Page Loading Extremely Slow, Intermittent Timeouts, Errors in logs

I'm not sure where to begin. I've been having lots of problems with extreme slowness ever since upgrading to 4.0. Loading any page takes a very long time. If a build is failing and I click on the link for that build, it can take minutes for the page to load. Builds are timing out sometimes after all of the  tests are finished running. I have looked at the various logs and see errors but I don't know what they are all about.
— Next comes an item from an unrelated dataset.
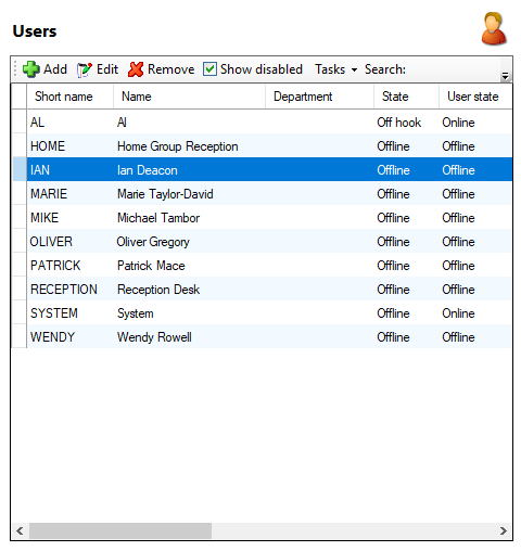 New users can also be added from this screen by clicking 'Add'. Adding new users is particularly useful if you do not want the client to automatically create a user account. If this is the case, then typically you would add a user per person who wants to use the client software.

For one build agent that times out, I get the following in the build logs before it times out:

[12:03:12]: [junit] Tests run: 333, Failures: 0, Errors: 0, Time elapsed: 150.91 sec
[12:24:32]: The build 10001 has been running for more than 30 minutes. Terminating...
[12:24:32]: [Execution timeout] {build.status.text}
[13:08:17]: Process exit code: 0
[13:08:57]: Build finished


In the teamcity-server.log I am constantly getting the error:

jetbrains.buildServer.SERVER - Failed to load finished build instance: Cannot find build promotion with ID 8187

In the build agent's error.log, I see the following, repeatedly:
     [2009-01-07 15:54:47,158]   WARN -       org.apache.xmlrpc.XmlRpc - java.net.SocketTimeoutException: Read timed out

Haven't seen anything particularly interesting in the other logs.
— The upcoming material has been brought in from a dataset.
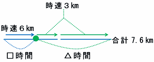 上の図の□時間を求めるために、「1時間34分すべて時速3kmで進んだら」と仮定して、また次の図のようにつるかめ算を行ってみると・・・
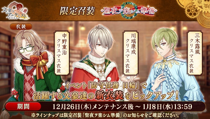 『聖夜ヲ楽シム準備』では、中野重治、川端康成、三木露風のクリスマス衣装が一定の確率で入手可能です。

I am currently using the internal database, have 3 build agents and the following environment variables set:

  • TEAMCITY_AGENT_MEM_OPTS=-Xms512m -Xmx1024m -XX:MaxPermSize=256m
  • TEAMCITY_SERVER_MEM_OPTS=-Xms512m -Xmx1024m -XX:MaxPermSize=256m


Help!

0
63 comments

What is the size of your database file (.BuildServer/system/buildserver.data)? It looks like much time is spent on this file scanning. I would suggest to switch to standalone database like MySQL (http://www.jetbrains.net/confluence/display/TCD4/Migrating+to+an+External+Database).

0
Avatar
Permanently deleted user

I will upgrade to an external database as soon as I have the time. In the mean time, things are extremely slow again and I tried to do a thread dump and am getting this message:

Thread dumps of Production Branch-FN16 :: WSAPI Server Integration #552

Loading...
TeamCity was unable to locate any processes of this build.

Process tree:

Click on an item in the tree to view thread dump.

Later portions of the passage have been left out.